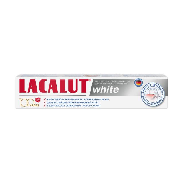 Зубная паста LACALUT white выпускается в тубах 30, 50, 75 или 100 мл, в коробке 1 туба.
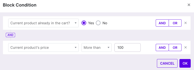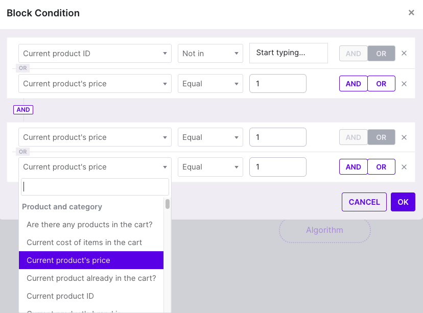 Due to the "top to bottom" logic, a condition is applied to the next algorithm (the algorithm under the condition). For example, in the image below, if the product is more than $100 and in the cart, the user will see other popular products. If not, the user will see similar products.
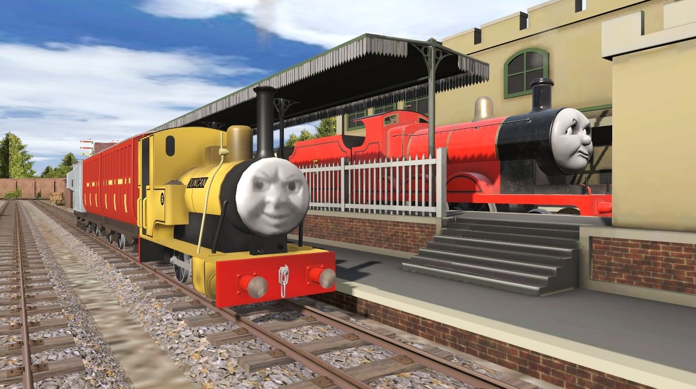 Tags: Trainz Railroad Simulator 2019, Crovans Gate, Flying Cam, Duncan, TTTE - James the Red Engine, Skarloey Railway Coach - Red, Skarloey Railway Brake Van - Blue, TTTE - James's Tender, TTTE - Old Coach 1st Class Composite, TTTE - Old Coach Brake
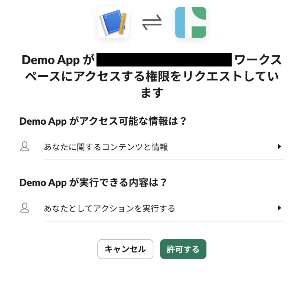 権限を追加したら「Install to Workspace」をクリックしてアプリをインストールします。
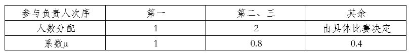 具体说明:主要负责人(不超过两人)乘系数1;其余队员乘以0.8。加分规则见下表。

* * * * *

PROBLEM DESCRIPTION:
Beginning at the line with "権限を追加したら「Install to Workspace」をクリックしてアプリをインストールします。" and ending at the last line of the listing above, retype each line exactly, including those two lines. Leave the pictures out.

OUTPUT:
 権限を追加したら「Install to Workspace」をクリックしてアプリをインストールします。
 具体说明:主要负责人(不超过两人)乘系数1;其余队员乘以0.8。加分规则见下表。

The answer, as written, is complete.